Introduction: About Hunter College
Hunter College is part of The City University of New York (CUNY), the nation’s largest urban university. CUNY comprises 11 senior colleges, seven community colleges, a graduate school, a school of professional studies, a school of journalism, a school of public health and health policy, an honors college, and a law school.
Known for its rich and academically rigorous environment, Hunter College takes pride in a curriculum as diverse and wide-ranging as its community. Hunter faculty and students come from virtually every nation and culture in the world, enriching the Hunter community and the city with their myriad perspectives and experiences. The college seeks to help its students broaden their outlook on the world, achieve success in their chosen professions, and fulfill their personal, academic, and civic potential.

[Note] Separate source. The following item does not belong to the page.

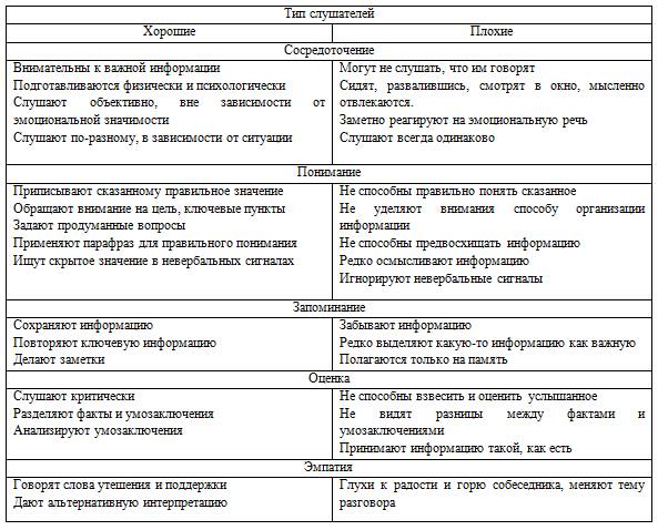 Существуют приемы и негативного слушания: перебивание говорящего, логические следствия и оценки, «хамоватая» реакция, пренебрежение к партнеру. Типы слушателей отражены в табл. 2.
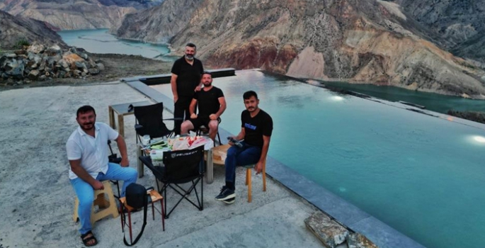Aydın Çiçek'in yaptığı bu sonsuz havuz, bölgeye gelen ziyaretçilerin hayranlıkla izlediği bir yapı haline geldi. Avrupa'nın çeşitli noktalarında görülen sonsuz havuzlar, şimdi Erzurum ve Artvin'in sınırında, doğanın kalbinde yer alıyor. Baraj gölü ile aynı renk tonlarına sahip olması için özel olarak üretilen fayanslar kullanılarak yapılan bu havuz, ışıklı ve ısıtmalı sistemi ile de dikkat çekiyor. Bu modern yapının yanı başında, Aşpişen Kalesi'nin tarihi dokusu ve uçsuz bucaksız kanyonlar, bölgeye gelenlere hem doğa hem de tarihle iç içe olma fırsatı sunuyor.

Originally called The Normal College, the school was founded in 1870 by Thomas Hunter to educate young women who wished to be teachers. Today Hunter is a coeducational, fully accredited college with a large, distinguished faculty in the liberal arts and sciences and in its professional schools. Hunter offers both undergraduate and graduate degrees and enrolls close to 23,000 students, making it the largest senior college in CUNY.
The college consists of six schools: the School of Arts and Sciences, the School of Education, the Hunter-Bellevue School of Nursing, the School of Urban Public Health, the School of Health Professions, and the Silberman School of Social Work. The schools offer more than 55 undergraduate programs, which lead to the degrees of bachelor of arts, bachelor of science, bachelor of fine arts, bachelor of music, and a bachelor of social work as well as 14 dual bachelor’s/master’s programs and scores of graduate programs. Each program of study provides students with skills to attain competence in a specialized field and a foundation of general knowledge. The fields of concentration may be chosen from the general areas of the fine arts, the humanities, the language arts, the sciences, the social sciences, and the applied arts and sciences, as well as in professional areas in accounting, education, health sciences, and nursing. A post-baccalaureate program in health careers preparation is available for students interested in taking coursework required for admission to schools of medicine, dentistry, nursing, veterinary science, etc.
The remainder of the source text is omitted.